MATERIAL PROVIDED
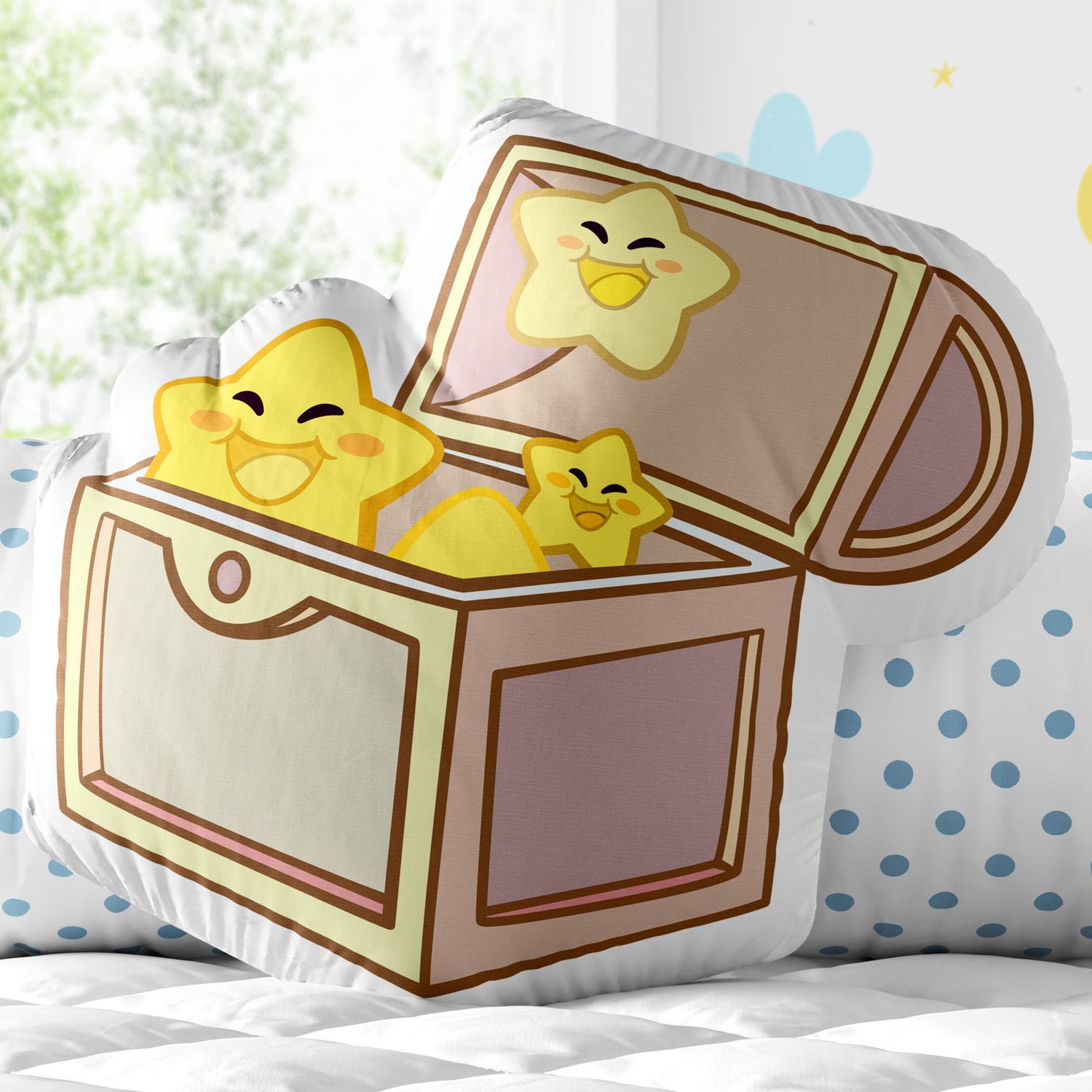 O quartinho de bebês e crianças merece esse toque de sonho e fantasia! A Almofada Baú de Estrelas decora o ambiente com graça e também é uma peça super gostosa de abraçar. Ela é decorativa, serve como apoio e combina perfeitamente com outros modelos de almofadas exclusivas da Grão de Gente
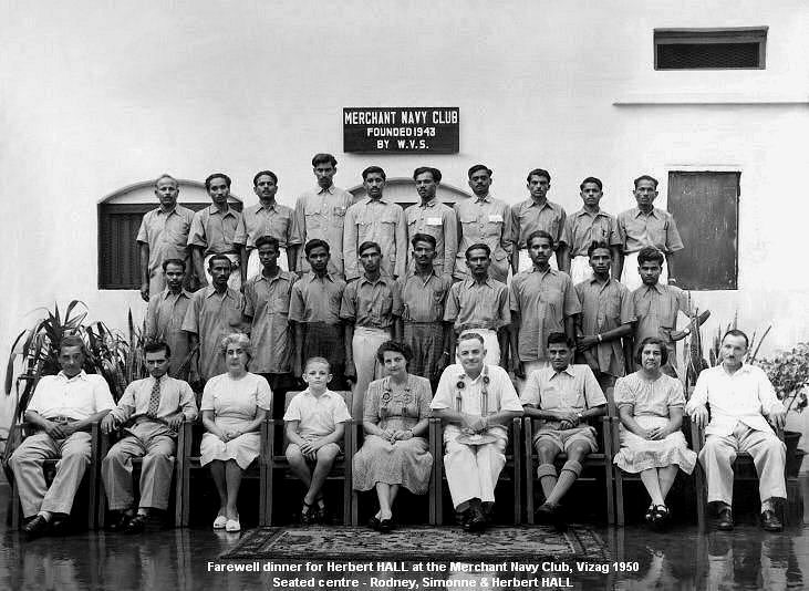 ![]() Farewell dinner for Herbert Hall and family at the Merchant Navy Club, Vizag, 1950. Seated centre, Rodney, Simonne and Herbert Hall. |
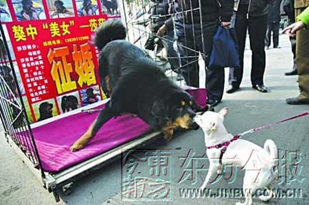焦作市有一愛狗的市民,為了給自己的藏獒尋覓到一個(gè)“如意郎君”,下足了工夫,不但專門請(qǐng)人為愛犬拍了許多寫真集、制作了大幅宣傳畫,還在征婚現(xiàn)場(chǎng)為愛犬鋪上了紅地毯,這只母藏獒享受的級(jí)別那是相當(dāng)高。
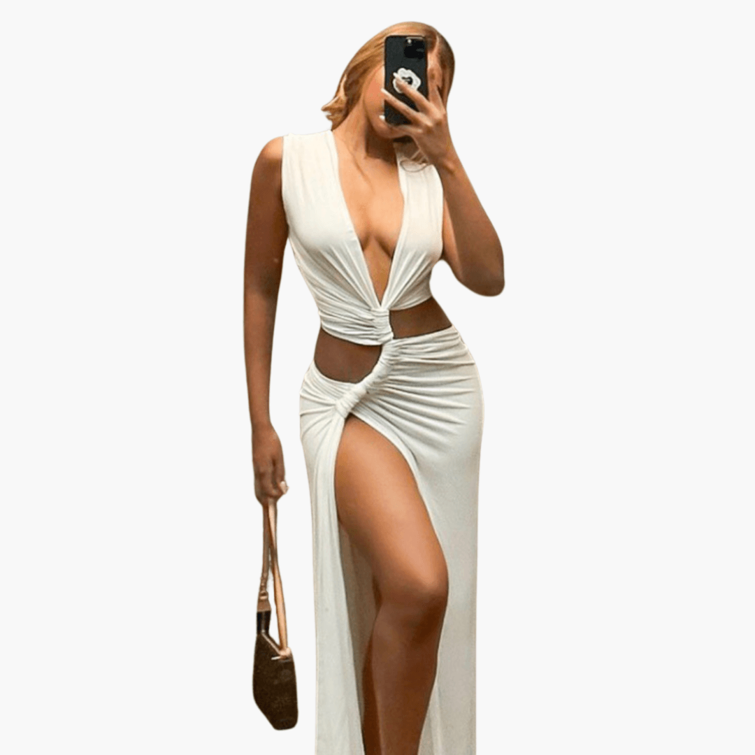 With this stunning summer dress featuring a cut-out, V-neck, and a sensual side slit, you make a statement wherever you go. It combines feminine elegance with a modern touch – perfect for gala evenings, celebrations, or stylish dinner dates. The flattering fit accentuates your silhouette while the design gives you a confident aura.

TASK STATEMENT
Reproduce the data above exactly, leaving each picture out.

SOLUTION TO THIS PROBLEM
 O quartinho de bebês e crianças merece esse toque de sonho e fantasia! A Almofada Baú de Estrelas decora o ambiente com graça e também é uma peça super gostosa de abraçar. Ela é decorativa, serve como apoio e combina perfeitamente com outros modelos de almofadas exclusivas da Grão de Gente
 ![]() Farewell dinner for Herbert Hall and family at the Merchant Navy Club, Vizag, 1950. Seated centre, Rodney, Simonne and Herbert Hall. |
焦作市有一愛狗的市民,為了給自己的藏獒尋覓到一個(gè)“如意郎君”,下足了工夫,不但專門請(qǐng)人為愛犬拍了許多寫真集、制作了大幅宣傳畫,還在征婚現(xiàn)場(chǎng)為愛犬鋪上了紅地毯,這只母藏獒享受的級(jí)別那是相當(dāng)高。
 With this stunning summer dress featuring a cut-out, V-neck, and a sensual side slit, you make a statement wherever you go. It combines feminine elegance with a modern touch – perfect for gala evenings, celebrations, or stylish dinner dates. The flattering fit accentuates your silhouette while the design gives you a confident aura.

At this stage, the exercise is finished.